As a further solution, the dual-attention machine model obtains the paraphrase matrix through a slot-query path, and the slot-query path comprises the following steps:
marking the slot value of each character in the input text to obtain a corresponding slot value sequence;
explaining each slot value element in the slot value sequence through a query value explanation layer, and storing explanation contents into each slot value element explanation vector;
and obtaining a paraphrase matrix through the slot value elements and the corresponding paraphrase vectors.
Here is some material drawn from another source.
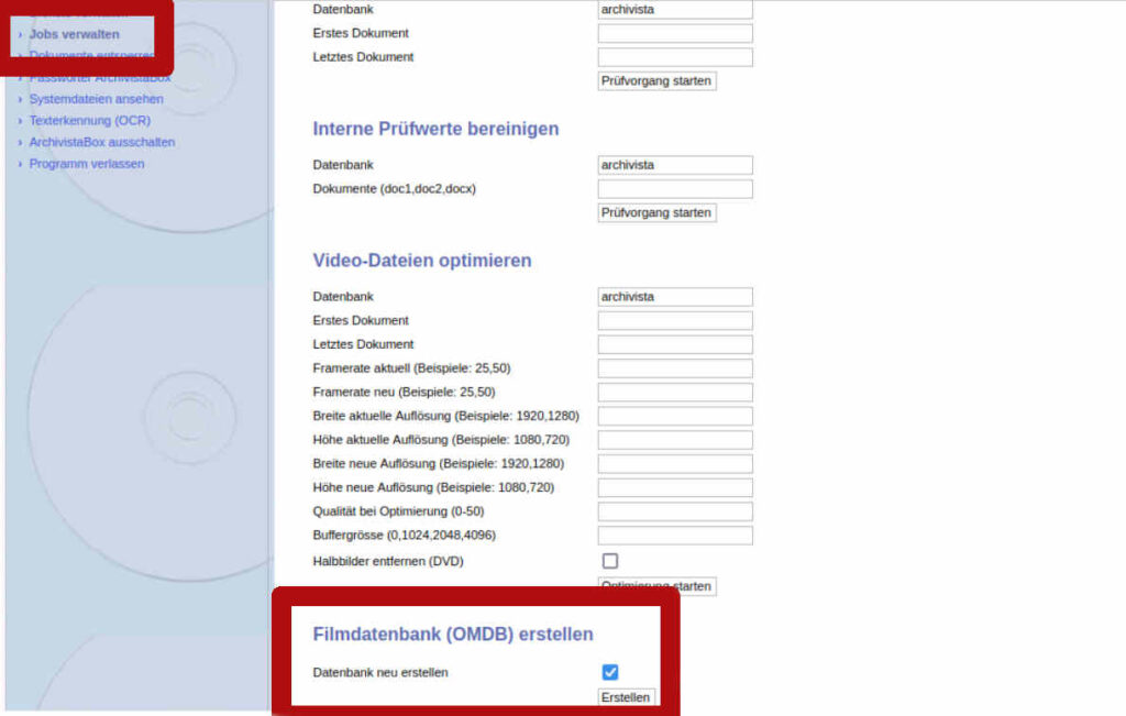 Das Filmverzeichnis kann über Jobs verwalten und dort mit Filmdatenbank (OMDB) erstellen eingerichtet werden.

As a further solution, the slot value labeling is performed manually and/or by machine; the paraphrase content in the paraphrase vector comprises synonymy replacement words of the slot values, the text meaning of the slot values, the association degree information of the replacement words of the slot values and the paraphrase information corresponding to the slot values, and the dimension of the paraphrase vector is in direct proportion to the content amount of the paraphrase.
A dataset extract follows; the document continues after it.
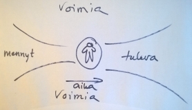 12.01.2018 On voimia, ja voimia Mystikko omissaan pohdiskelee voimien suuruuksia ja moninaisuuksia mitä kaikkea on, ja miten vaikuttaa ja mitä ajallisissa voi käyttöön ottaa. Ja näin hän tuumailee... -On voimia ja on voimia on ajallisessa vaikuttavia ja on ajattomassa vaikuttavia ja on voimia ajallisen takaisessa ja ajattoman takaisessa iankaikkisessa ulottumassa kaikkinaisuudessa vaikuttavia. Ja yhdellä voimalla voi vaikuttaa yhtäällä toisella voimalla toisaalla ylemmällä voimalla ylemmissä ylemmillä ylimmissä - ja viel senkin takaisissa. Ei ole vain yhtä voimaa jolla vaikuttaa kaikkeudessa vaan, kaikilla voimilla rajansa kaikkeuden rakenteessa. Ja kullakin voimalla voi vaikuttaa omissa tasoissa. Vaan, mikä kaikki on ihmiselle tarpeellista ajallisessa ja ajallisen ja ajattoman rajalla - se ei ole kaukana eikä kaukaisen ulottumassa. Tasot ovat monenlaiset tehot ovat monenlaiset vaikutukset vaihtelevaiset. Ja minne kauas ois ihmisen osa minne asti viisaus, ymmärrys minne asti sanojen vaikutus minne tahto. Ja minne tahto oikea ettei vain ois kokonaisuutta sotkeva joiss' ois valta vaikuttava. Ihmisellä on ulottuma ulottuman takana lähin tässä, nyt näkyvässä on ulottuma menneessä ja tulevassa ulottuma unelmassa mut' nuo kaikki kuin ajallisessa ja ajallisen ajattomassa ihmisen ajatusmaailmassa. Mut' mitä kaikkea onkaan ihmisen ajatusmaailman takana ajatuksen tavoittamattomassa, kuin uskossa ett' jotain suurempaa viel on olemassa tään ihmisymmärryksen takana näkymättömässä ylemmässä. Mutta, ei se estä sitä ettei se voima ois kuitenkin ihmisen käytettävissä vaik ei hän ymmärrä sen ylemmyyttä. Voi rukoilla, anoa toivoa, uskoa uskoa uskomattomia vaik' kaikella valtansa ja paikkansa ja kaikkea voi anoa, toivoa uskoa - ja manata. Pitää aina olla myös tarkkana ettei ano vahinkoa itselle, toiselle ihmiselolle kaikkeudelle. Ihminen kun on tässä rajalla menneen kaukaisen ja tulevan ulottuman kuin matkalla jostakin kaukaa jonnekin kauas siin' kuin hetken välissä vaikuttamassa osaltansa rakentamassa kuin siltana menneen ja tulevan jo toteutuneen, ja unelman. (...ja Mystikko piirteli karttaa) Aikamoinen paikka jos osaa oikein katsoa - maailmoitten rajalla alati muuttuvassa. Ja voimat kulkevat vaikuttavat yllä ja alla ja koko ajan elon kohdalla ja ihminen kaiken keskellä on osa kaikkeutta rajallisena, tai kuin rajattomana vangittuna kuin kuplassa menneitten mahtavassa ja tulevien unelmassa, kuin utopiassa ja samalla kuin vapaana lähellä ja kuin jossain kaukana yhdessä hetkessä tulossa ja toisessa jo taas menossa jostakin, jonnekin; ajattomin, ajallisin ja taas ajattomin unelmin. Ja nyt ... miksei tälle ihmeelliselle ihmiselle ois mahdollista ylettyä myös voimille ylemmille jonka osanen hän kuitenkin on ja jonka kuin keskellä on hällä nyt hetken paikkansa matkalla jostakin jonnekin nyt ajallisen vajavaisin ajatuksin - vaikke se tarkoitakaan sitä etteikö yhteyksiä ois vaikka minne kaukaisien ylemmille. Eikä mitkään voimat ole hänestä kaukana hänhän on kaiken seassa keskellä nyt hetken tässä hetki sitten jossain menneessä ja kohta jo tulevassa osana sen ulottumassa. Ja nyt, siis vasta ... on voimia, ja voimia on ajallisia ja ajallisen ja ajattoman rajallisia on ylempiä ja ylemmän ylempiä ja ylimpiä ja viel niidenkin takaisia ja ihminen voi uskoa, toivoa pyytää ja anoa nähdä unia, uneksua uneksia tulevia ja pyytää, toivoa, anoa ajallisen pienen hetkensä apuja sen kaiken keskellä, miss' hän kuitenkin on osallinen hetkellisen kohtalon jonka tarkoitusta hän ei edes ajallisessa ymmärrä mut' hän on kuitenkin kaiken näkevä koska hän on iankaikkinen elämä ja häntä ympäröi aina iankaikkinen voima, väkevä. -Nii'i, huokaa Kapteeni hytissään kaulaliina päänsä ympärillä ettei päätä palelis vaikka kaikki suuruus on kaiken aikaa hällä ympärillä. -Hetkellinen, tää ajallinen elämä, hän vielä yön hiljaisuudessaan toteaa ja toivoo, että sais viel ees hetken nukkua. Ja Kapteeni peittonsa alla viel' huokas: -Oi, anna mun tuntea, ees hetkisen niitä kaikkeuden suuria voimia hoitaa tätä ajallista riutuvaa kehoa parantaa sen silmiä, sydäntä, ihoa ja koko ajallista olemusta ja ymmärtää tätä kaikkinaisuuden kokonaisuutta. Ees hetkisen... minä anon ja pyydän ... ees hetkisen vaikka, miksei ... vaikka kokoaikaisen elon hetkisen. #

As a further solution, the dual-attention mechanism model obtains the correlation state matrix through a state correlation path, and the state correlation path comprises the following steps:
performing matrix multiplication on the correlation hidden state matrix and the paraphrase matrix to obtain a correlation state matrix;
carrying out important state direction summation on the correlation state matrix to obtain a character important state vector;
solving the importance weight value of each character in the input text in the character importance state vector through a Softmax function layer;
taking the importance weight value of each character in the input text as a vector element to obtain a character importance vector;
performing correlation state direction summation on the correlation state matrix to obtain a slot value correlation state vector;
solving the association degree weight value of each slot value and the corresponding character in the slot value association state vector through a Softmax function layer;
taking the association degree weight value of each slot value and the corresponding character as a vector element to obtain a slot value association degree vector;
and performing head-to-tail splicing on the character importance vector and the slot value association vector in the last dimension to obtain double attention vectors.
As a further solution, the significant status direction, and the associated status direction are determined by:
setting vector elements of an input text vector as row direction elements of an associated hidden state matrix, and expanding the column direction of the associated hidden state matrix through an Embedding layer;
setting the slot value elements as row elements of the paraphrase matrix, and setting the vector elements of the slot value elements corresponding to the paraphrase vector as column elements of the paraphrase matrix;
the row direction of the correlation state matrix is the correlation state direction; the column direction of the associated state matrix is then the significant state direction.
It should be noted that: the correlation state direction and the important state direction are determined according to the horizontal and vertical coordinate elements of the correlation hidden state matrix and the paraphrase matrix, and the implementation selects the mode, and the row direction of the correlation state matrix is fixedly taken as the correlation state direction; and the column direction of the associated state matrix is taken as an important state direction, so that the implementation is convenient.
It should be noted that: splicing the character importance vector and the slot value association degree vector to obtain a double attention force vector which is twice as large as the dimension of the initially input text slot value sequence, and reducing the dimension into an initial dimension through a Dense layer.
As a further solution, before the training learning of the dual-attention force vector by the deep learning model facing language understanding, a dual-sequence labeling is carried out, wherein the dual-sequence labeling comprises the following steps:
reducing the dimension of the double attention vectors into an initial dimension through a Dense layer, wherein the initial dimension is the same as the groove value sequence;
labeling the double attention vectors by an IOB2 method, and obtaining an original labeling sequence;
removing the labeling prefix of the original labeling sequence, and dividing the original labeling sequence without the prefix into a starting labeling sequence and an ending labeling sequence;
the initial labeling sequence is used for recording initial labels of the same type of labels, and only the first appearing label is reserved for a plurality of continuously appearing labels of the same type;
the end labeling sequence is used for recording end labels of the same type of label, and only the last label is reserved for a plurality of labels of the same type which continuously appear.
It should be noted that: before training, we need to label the training data so that the model knows where the slot values are located in its sequence, and the existing labeling method is: IOB1, IOE1, IOE2, IOBES, IO, etc. are commonly used, but there are many labels in the conventional labeling method, thereby affecting the efficiency of the model, for example, IOBES include 5 kinds of labels, S label is used to represent text blocks composed of a single character, when more than one character is composed, the first character always uses B label, the last character always uses E label, the middle character uses I label, and O, i.e., Other, represents Other, and is used to mark irrelevant characters. In order to solve the above problem, the present embodiment labels the training data by a dual-sequence labeling method, for example:
the original labels noted by IOB2 are: "O O O O B-reserve _ type O B-city I-city B-state O B-party _ size _ description I-party _ size _ description I-party _ size _ description".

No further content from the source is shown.